Trump betrays Reagan’s ideals of democracy selling out Ukraine for Russian interests | Opinion
As a student of Ronald Reagan’s rhetoric for more than 40 years, I feel safe in saying the nation’s 40th president would be shocked and appalled by last week’s Oval Office dressing-down of a democratic ally fighting a Russian invasion.
Ukrainian President Volodymyr Zelenskyy was told that he was not sufficiently grateful to the United States and informed that he didn’t have any “cards” to play in negotiations. When he attempted to explain the importance of confronting Russian aggression, he was roundly attacked for not wanting peace. He was even blamed for starting the war.
In place of defense of democratic values, President Donald Trump and others have emphasized the economic and other benefits of making a deal with Russia.
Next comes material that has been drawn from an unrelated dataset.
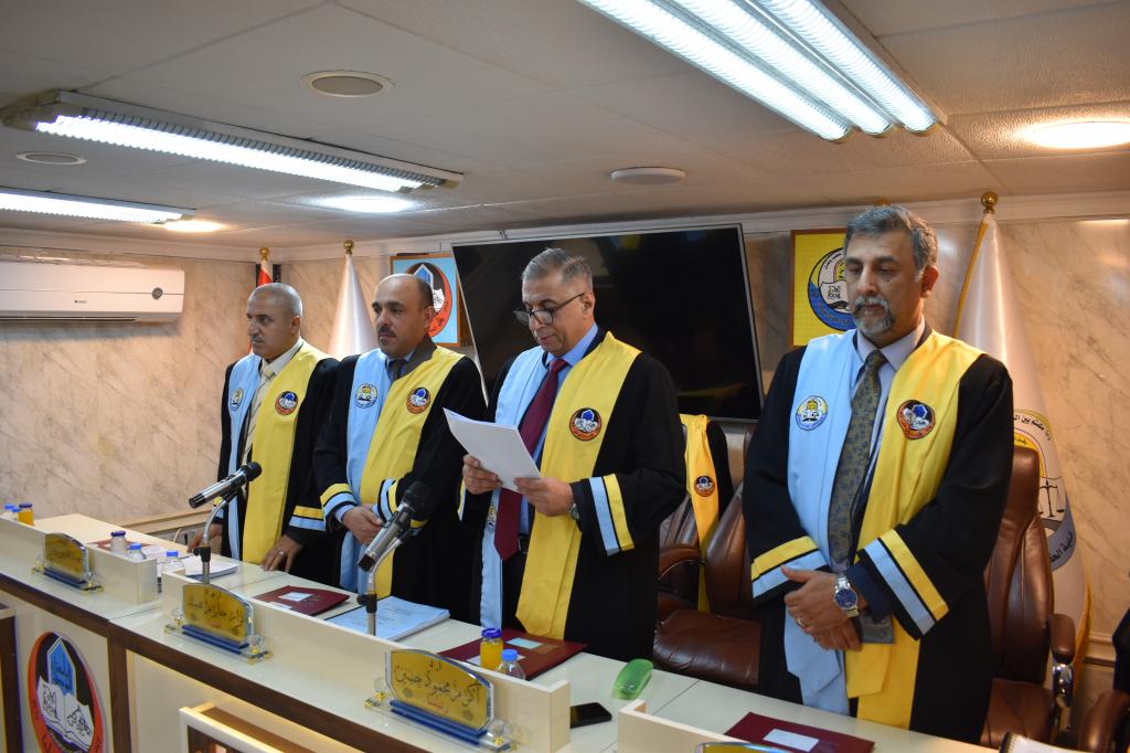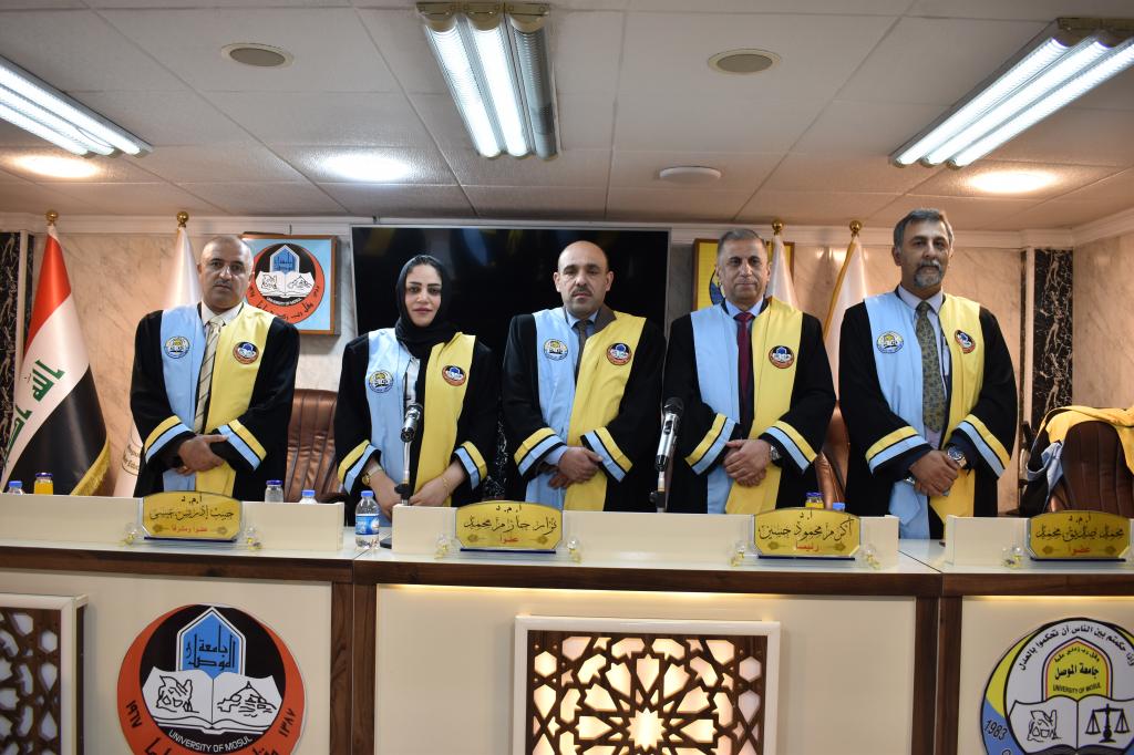 The discussion committee was chaired by Prof. Dr. Akram Mahmoud Hussein, with the membership of Assistant Professor Dr. Muhammad Siddiq Muhammad, and Assistant Professor Dr. Nizar Hazem Muhammad, and the membership and supervision of Assistant Professor Habib Idris Issa.

The focus on dealmaking and the rejection of promoting democracy is so strong that the National Endowment for Democracy has faced major funding cuts. Even the very meaning of democracy has come under attack by those who labeled the president of Ukraine as a “dictator,” and leading members of NATO and the European Union as undemocratic for imposing a “firewall” preventing far-right parties with members who have praised fascism from attaining governmental power.
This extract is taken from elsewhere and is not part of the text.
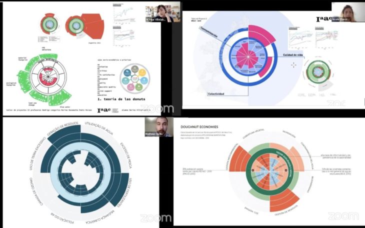 El acercamiento de escala se ha generado en primer lugar en un plan analitico: el primer ejercicio, basado en la teoría de “Doughnut economics” de Kate Raworth, proponía a los estudiantes de construir su propia dona, basada en el contexto de proyecto, a partir de sus análisis y de la dona general del país. Analizando entonces por un lado los temas más impactantes bajo el punto de vista de techo ecológico y por otro lado las fallas más urgentes del zócalo de fundación social (para usar las mismas metáforas de Raworth).

Almost 43 years ago, a Republican president took a different perspective. In an an address to members of the British Parliament at Westminster, Reagan argued that the “ultimate determinant” in the Cold War “will not be bombs and rockets, but a test of wills and ideas, a trial of spiritual resolve, the values we hold, the beliefs we cherish, the ideals to which we are dedicated.” While Reagan used the speech to defend his policy of “peace through strength,” his focus was on the battle of ideas between the West and the Soviet Union. At a dangerous point in the Cold War, he thought that there was a way to protect both freedom and peace, a way forward without “deadening accommodation with totalitarian evil.”
Reagan believed that ideas would win the Cold War because it was “the Soviet Union that runs against the tide of denying human freedom and human dignity to its citizens.” He undoubtedly would say the same of Russia today. Reagan pointed to weakness in the Soviet economy — weakness that is mirrored in Russia today — and then expressed a very different view than is common on the right today, noting with pride: “Of all the millions of refugees we’ve seen in the modern world, their flight is always away from, not toward the communist world.”
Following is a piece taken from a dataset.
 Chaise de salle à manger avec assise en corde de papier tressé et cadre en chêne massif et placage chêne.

It is notable that Reagan’s insight remains true. Refugees are not fleeing Ukraine or anywhere in the West for Russia.
Cold War an episode in struggle for freedom
Reagan recognized that democracies could differ on economic and other policies, as they do today, about whether any restrictions on parties with historical ties to fascism are appropriate. In his time, he noted that there was “legitimate disagreement over the extent to which the public sector should play a role in a nation’s economy and life,” but he added that “on one point all of us are united — our abhorrence of dictatorship in all its forms,” a conclusion that efforts to reestablish strong relations with Vladimir Putin’s Russia make clear is no longer true.
Reagan saw the Cold War as an episode in a larger human struggle for freedom. In a passage that he personally added to the text, he wrote that “Since the exodus from Egypt, historians have written of those who sacrificed and struggled for freedom” and then traced that battle from “Thermopylae, the revolt of Spartacus, the storming of the Bastille, the Warsaw uprising” to then present day. He undoubtedly would see the effort to protect Ukraine as part of that historical arc.
Reagan thought that human history moved, often slowly but inexorably, toward democratic values because the desire for a say in one’s life transcends culture and history. He noted that “democracy already flourishes in countries with very different cultures and historical experiences” and then used a powerful rhetorical question to emphasize the universality of human desire for democratic governance. He asked: “Who would voluntarily choose not to have the right to vote, decide to purchase government propaganda handouts instead of independent newspapers, prefer government to worker-controlled unions, opt for land to be owned by the state instead of those who till it, want government repression of religious liberty, a single political party instead of free choice, a rigid cultural orthodoxy instead of democratic tolerance and diversity?” The obvious answer is no one.
Reagan believed that ultimately ideas would determine the outcome of the Cold War, observing that the Soviet Union was “not immune to … reality,” and adding, “Any system is inherently unstable that has no peaceful means to legitimize leaders.” He would say the same about Russia today. Many today would decry Reagan as hopelessly naive. It is this idea that has led to cuts in the National Endowment for Democracy, an organization that was created by those who took very seriously the ideas that Reagan espoused at Westminster.
Perhaps those who view Reagan’s idealistic defense of democratic ideals as terribly simplistic might consider the single line in the address that was demonstrated in less than a decade to be false. After presenting perhaps the most eloquent defense of democracy since President Franklin D. Roosevelt’s “Four Freedoms” address, Reagan concluded with a bit of realism. He recognized that “the task I’ve set forth will long outlive our own generation.”
On that prediction, he was totally wrong. In less than a decade, the Soviet Union was no more and the nations of the former Warsaw Pact were free and beginning to take the steps that would lead many of them to join the European Union and NATO.